DATASET EXTRACT:
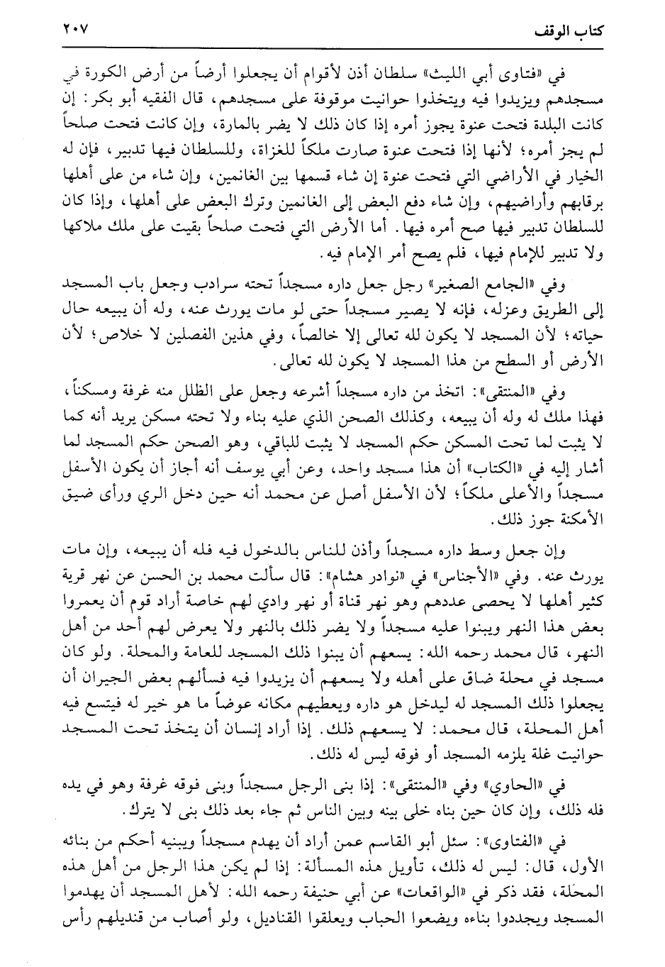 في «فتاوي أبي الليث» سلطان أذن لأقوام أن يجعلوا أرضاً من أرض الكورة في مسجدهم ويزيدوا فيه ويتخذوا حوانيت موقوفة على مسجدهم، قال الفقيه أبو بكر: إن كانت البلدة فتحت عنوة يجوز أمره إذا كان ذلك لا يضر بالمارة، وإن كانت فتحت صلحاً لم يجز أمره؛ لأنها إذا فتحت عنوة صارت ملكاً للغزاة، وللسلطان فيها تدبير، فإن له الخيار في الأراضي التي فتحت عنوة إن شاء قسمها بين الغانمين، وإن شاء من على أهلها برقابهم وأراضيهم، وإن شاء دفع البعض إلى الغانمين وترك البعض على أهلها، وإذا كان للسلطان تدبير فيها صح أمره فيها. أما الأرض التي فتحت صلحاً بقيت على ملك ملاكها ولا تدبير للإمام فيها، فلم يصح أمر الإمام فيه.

==

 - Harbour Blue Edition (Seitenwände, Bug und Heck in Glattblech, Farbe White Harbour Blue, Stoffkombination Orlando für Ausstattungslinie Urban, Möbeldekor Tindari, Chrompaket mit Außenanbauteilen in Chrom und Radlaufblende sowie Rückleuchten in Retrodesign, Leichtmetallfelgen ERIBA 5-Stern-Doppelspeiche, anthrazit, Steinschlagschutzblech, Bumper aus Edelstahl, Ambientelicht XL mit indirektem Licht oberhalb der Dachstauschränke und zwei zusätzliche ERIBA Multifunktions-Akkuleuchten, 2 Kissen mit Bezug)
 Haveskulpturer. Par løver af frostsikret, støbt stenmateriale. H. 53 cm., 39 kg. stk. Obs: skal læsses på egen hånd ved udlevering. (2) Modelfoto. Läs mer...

INSTRUCTIONS FOR THE TASK:
For the listing above, print only the lines starting at the line containing "- Harbour Blue" and ending at the line containing "Haveskulpturer. Par løver", exactly, both included.

REPLY:
 - Harbour Blue Edition (Seitenwände, Bug und Heck in Glattblech, Farbe White Harbour Blue, Stoffkombination Orlando für Ausstattungslinie Urban, Möbeldekor Tindari, Chrompaket mit Außenanbauteilen in Chrom und Radlaufblende sowie Rückleuchten in Retrodesign, Leichtmetallfelgen ERIBA 5-Stern-Doppelspeiche, anthrazit, Steinschlagschutzblech, Bumper aus Edelstahl, Ambientelicht XL mit indirektem Licht oberhalb der Dachstauschränke und zwei zusätzliche ERIBA Multifunktions-Akkuleuchten, 2 Kissen mit Bezug)
 Haveskulpturer. Par løver af frostsikret, støbt stenmateriale. H. 53 cm., 39 kg. stk. Obs: skal læsses på egen hånd ved udlevering. (2) Modelfoto. Läs mer...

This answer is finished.